Беседа с кинорежиссером Андреем Загданским о фильмах "Бульварное чтиво" и "Однажды в Голливуде"

Александр Генис: Незадолго до того, как новый фильм Тарантино "Однажды … в Голливуде" обрушился на Америку, словарь английского языка объявил о включении нового слова, образованного от фамилии режиссера: по-русски это звучит как-то так: "тарантийский". Этой великой чести удостаиваются немногие творцы, которые создали свой уникальный стиль, для описания которого не хватает уже существующих слов. Мы говорим "кафкианский" или "феллиниевский" для того, чтобы избежать долгих объяснений – сразу все ясно.

Об этом особенно уместно вспомнить сейчас, когда исполнилось 25 лет с появления самого знаменитого фильма Тарантино "Бульварное чтиво", оказавшего радикальное влияние, и не только на кино. Тарантино стал апостолом постмодернизма, показавшего на деле, как нужно и можно "зарывать рвы" между высоким и низким, между масскультом и трагедией, между бульварным чтивом и виртуозной игрой художественных форм.

Пожалуй, лучше всего юбилей фильма Тарантино, как и премьеру его новой картины, отметил российский журнал "Искусство кино", на днях выпустивший особый номер к этому событию. Читая любезно присланную редактором Антоном Долиным верстку этого выпуска, я погрузился в подробный и ученый разбор и музыкальных, и исторических, и – главное – голливудских контекстов творчества Тарантино. Больше всего мне понравилась статья самого Долина, который остроумно описывает поэтику "сломанной хронологии". Именно она позволяет избавиться от линейной наррации и создать саспенс буквально на пустом месте. Вспоминая шок от "Бульварного чтива", Долин пишет:

"Возвращая утраченную было ценность никчемному бессюжетному промежутку между событиями, Тарантино дает нам шанс упиваться временем, потраченным впустую. Разговором ни о чем в ожидании момента, когда надо будет постучаться в дверь. Выпивкой в баре, пусть даже это будет молочный коктейль. Поездкой в такси. Тарантино заиграл, азартно затанцевал время, заставил его сбиться с панталыку, отправиться вспять, зависнуть навек в лихорадке субботнего вечера".

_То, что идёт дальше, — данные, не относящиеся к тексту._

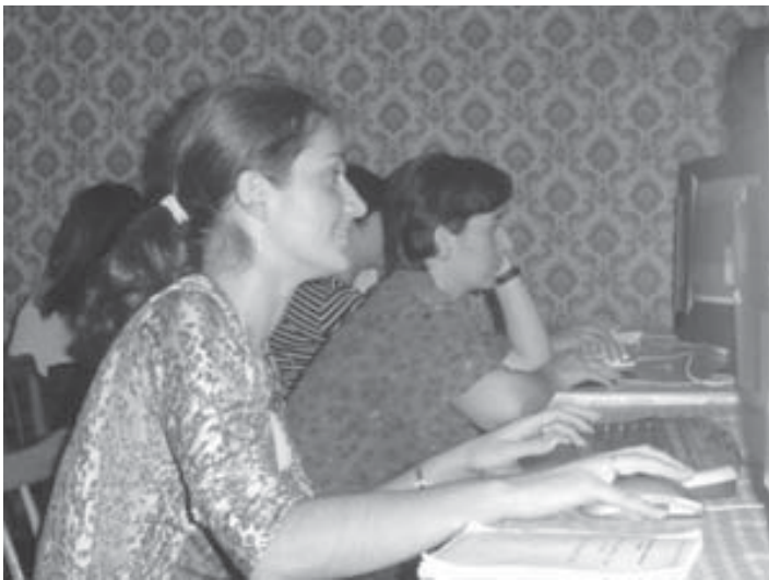
Women learn computer literacy skills in Kvemo Kartli, Georgia.

The interim report for this project describes the establishment of a computer teaching center for women from Georgia, Azerbaijan, and Armenia in Kvemo Kartli.
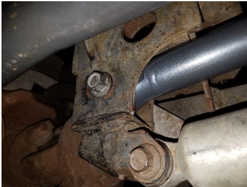
Figure 4. Installing the Axle End Bolt
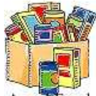
Angel Food Ministries

Now from the convenience of your own home, you can order Angel Food online at any time by logging on to www.angelfoodministries.com and pay with your debit or credit card. When ordering, it will ask for the Host ID # and location. Please type in Christ Lutheran Church as the location and the Host ID # is: 1769. Pick up will still be at Christ Lutheran Church on the monthly specified date. If you do not have your own personal computer, computers are free to use at your local library.
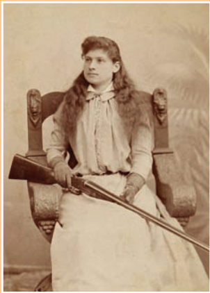
Annie Oakley in about 1899.
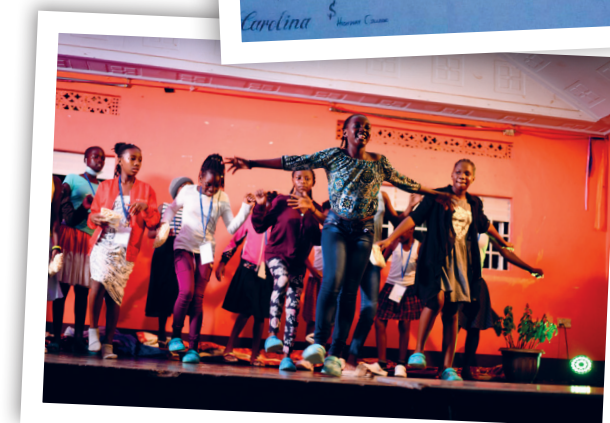
Photos from top to bottom: children participating in a dance class at camp; Ideal World poem written by children; children enjoying camp
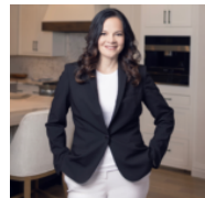
Sarah Adashun Jones, Inc.
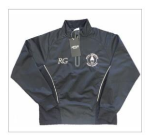
.RGT P.E Outdoor Top + Initials
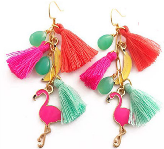
FLAMINGO & BANANA TASSEL EARRINGS CODE: S17GE41 COST: R300 LENGTH: 7,2CM MATERIALS: CHRYSOPRASE & COSTUME
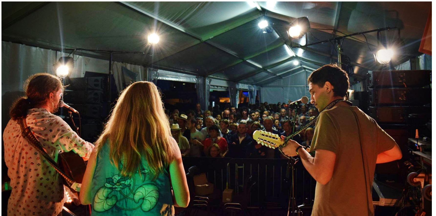
Festival Interceltique de Lorient - Pavillon de l'Irlande
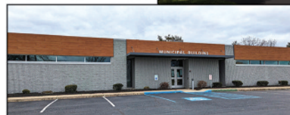
New Hanover Township Administration Building

Hollenbach Construction, Inc. can provide your business with Professional Construction Management Services and Design Build Services for your New Construction and Renovation projects. Let us take your projects from start to finish in the areas of:
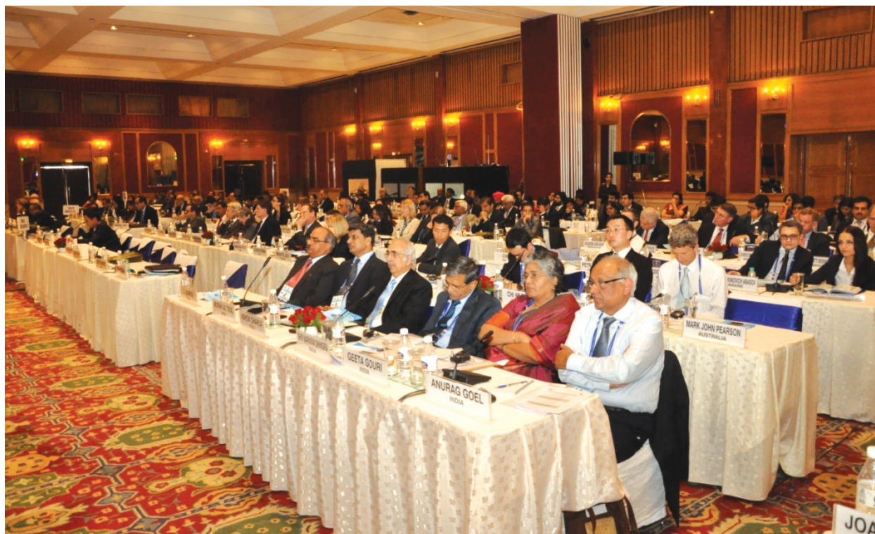
Delegates and Senior Officers of CCI attending the 3rd BRICS International Competition Conference, New Delhi.
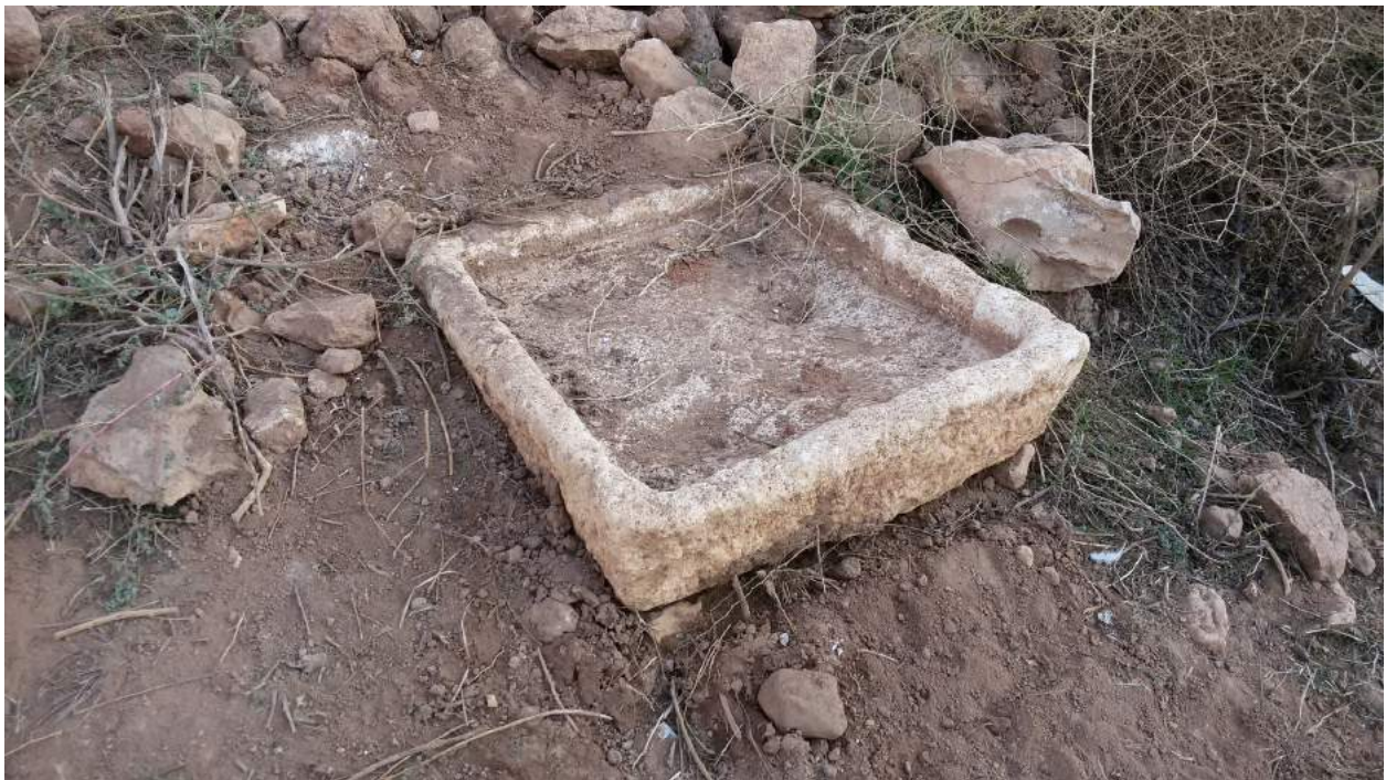
Al-Atareb, exposed stone basin (Reported November 30, 2015)
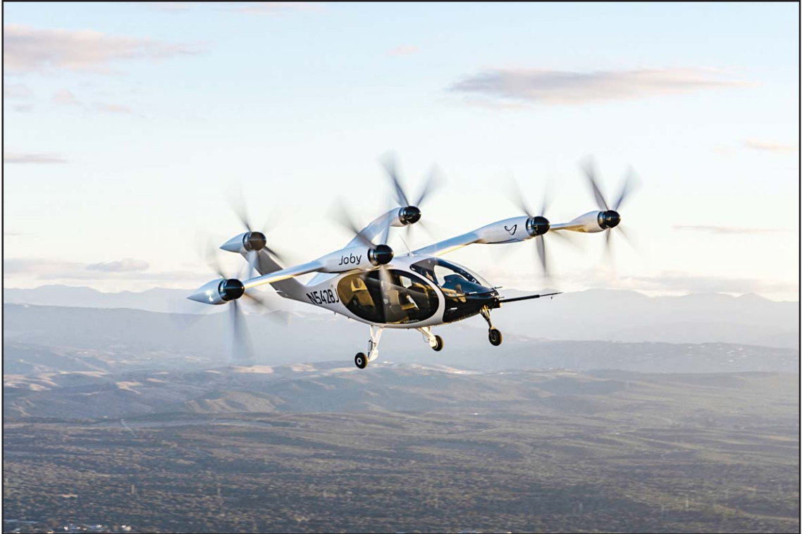
In this 2022 photo provided by Joby Aviation is Joby’s pre-production prototype aircraft in flight above the company’s facilities in Marina, Calif. The same Ohio river valley where the Wright brothers pioneered human flight will soon manufacture cutting-edge electric vertical takeoff and landing aircraft. (AP)
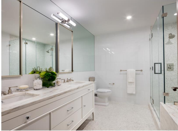
A soaking tub in the master bathroom is clad in marble. The bathroom has polished nickel fixtures and radiant-heat floors. EVAN JOSEPH
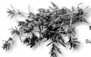
SAVORY (Annual/Perennial) Varieties for Gardens: Summer Savory; Winter Savory

Сейчас это кажется и замечательным, и очевидным. Но не могу не вспомнить, как ровно 25 лет назад я, ошеломленный премьерой "Бульварного чтива" в Нью-Йорке, купил и послал в то же "Искусство кино", с которым я тогда активно сотрудничал, тут же изданный в Америке сценарий фильма. Эта потрясающе написанная книга на четверть длиннее того, что попало в фильм, никак не заинтересовала редакцию. Сегодня это звучит странно. Тарантино стал своим во всем мире, без него история кино уже никак невозможна. Неудивительно, что премьера новой картины стала громким событием для американских кинофилов. Тем более что если верить режиссеру, то этим фильмом он начинает долгое прощание со зрителями.

Сегодня мы беседуем о картине "Однажды … в Голливуде", которая только что вышла на американские экраны, с режиссером Андреем Загданским.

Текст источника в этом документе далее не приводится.